In this lab, we will use MatLab to do multiple linear
regression and residual analysis.
Items that we will investigate using MatLab include:
Use the data from EXAMPLE 12.13 on page 677 in the text. The dependent variable is Carbon Monoxide (CM) content of different cigarette brands. We want to investigate the relationship of three predictor or independent variables with CM, these variables are Tar (T), Nicotine (N), and Weight (W). (see page 677 for more details).

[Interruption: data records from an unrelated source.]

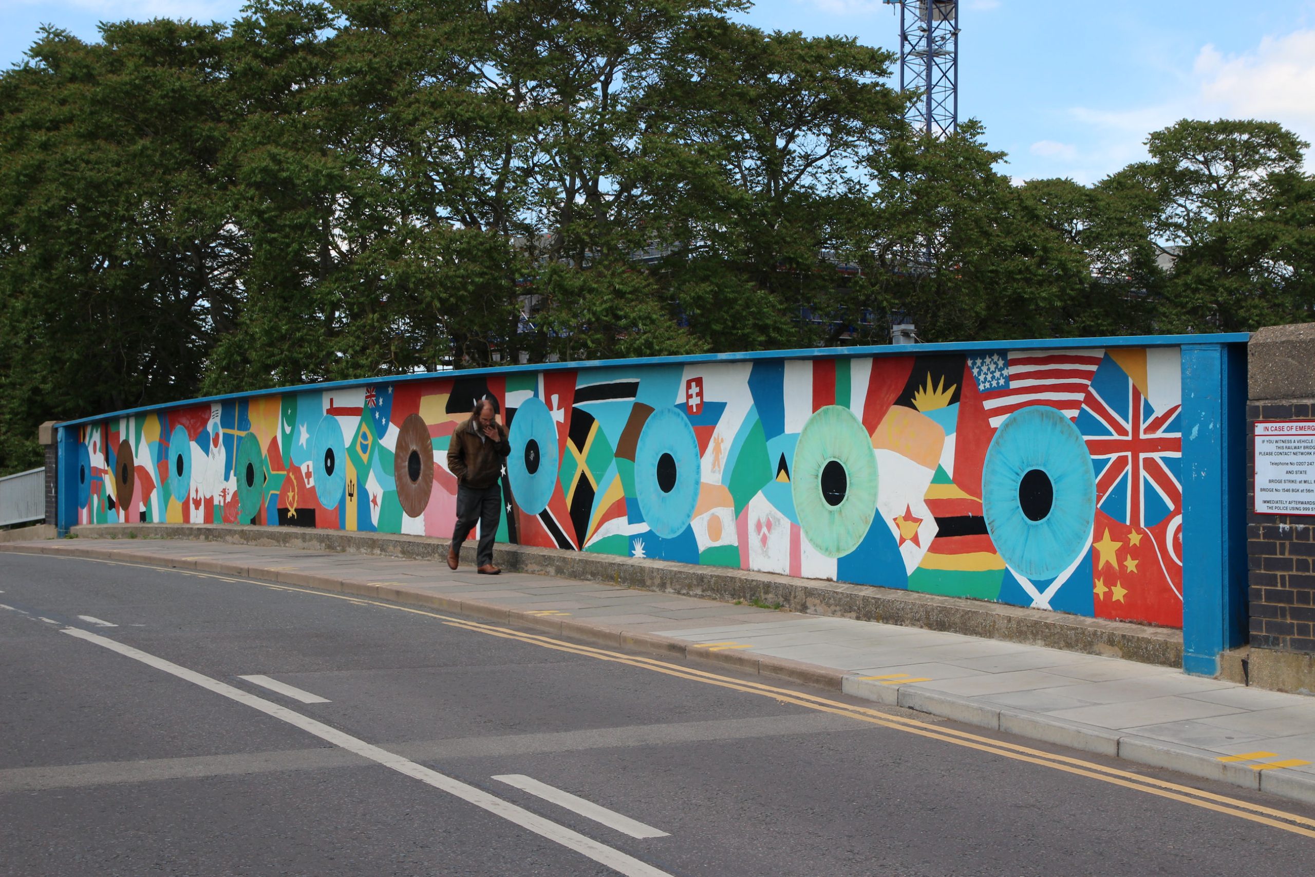 Both sides of the bridge are decorated with colourful murals. This is the north side.
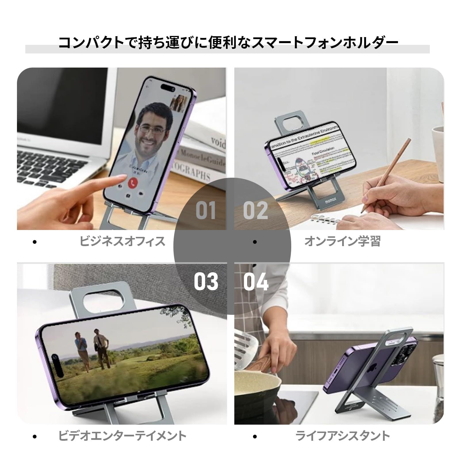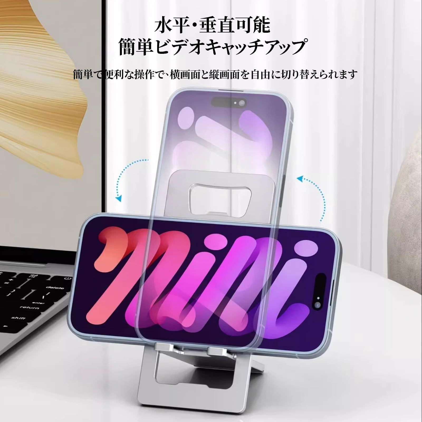 スマホスタンド 薄型 アルミ合金製 携帯スタンド 持ち運びに便利 iphoneスタンド 折りたたみ式 卓上 手机支架 角度変換可 4.7-6.8インチのiPhone Android スマホ置き
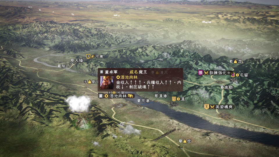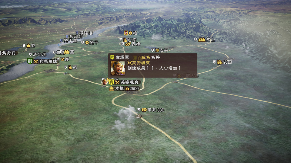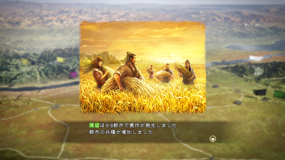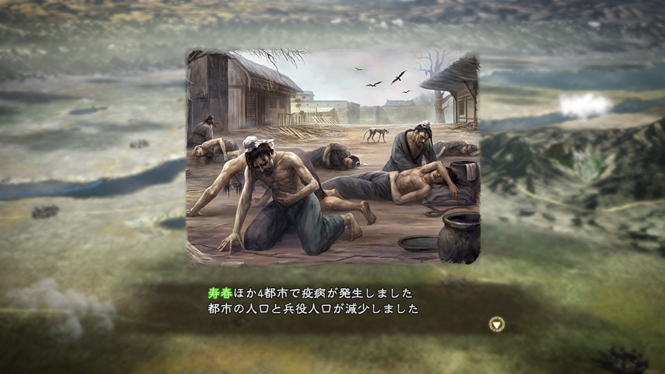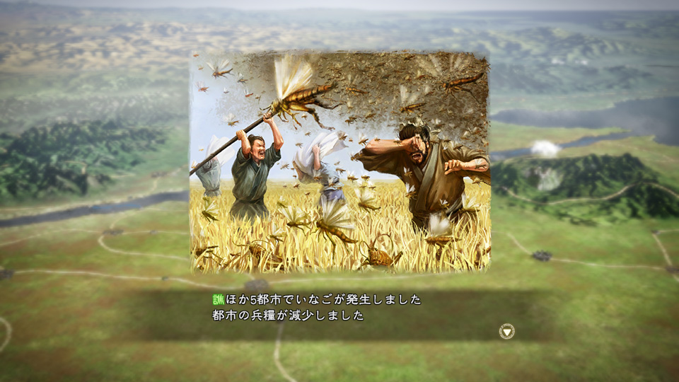 新要素として、毎季節ランダムに発生する災害が追加されます。疫病、洪水、いなご、豊作の4種類が発生し、都市の人口を減少させたり、兵糧の相場を高騰させたりとさまざまな面に影響を与えます。

Read in the data and call the first column T, the second N, third W, and the fourth column CM.
smoke = load('lab9.dat');
T = smoke(:,1);
N = smoke(:,2);
W = smoke(:,3);
X = [ones(length(smoke),1) T N W ]; % X needs to be a
% matrix with a leading
% column of ones.
CM = smoke(:,4);
Y = CM;
Let's investigate the the items above:
% The predictor variables are in the matrix X along with a column of % intercepts (1's) and the response variable (Y) is CM. % Now find the least squares regression line [b,bint,r,rint,stats] = regress(Y,X,0.05); b % = estimates for the regression coefficients
The hypothesis Ho: bi = 0, vs. Ha:bi != 0 can be tested in the same way that we tested for b1 = 0 last week (see Lab 8). What are we testing here?
Now that there are more than one predictor variables we can test the hypothesis that at least one of the coefficients b1,..., b3 is not zero. That is we test Ho: b1 = b2 = b3 = 0, vs. Ha: at least one is not zero. To perform this hypothesis test we need to look at the accompanying F-statistic and p-value recorded in stats:
stats % = R-squared, F-statistic, p-value
The multiple coefficient of determination is the R-squared in stats. What does it signify?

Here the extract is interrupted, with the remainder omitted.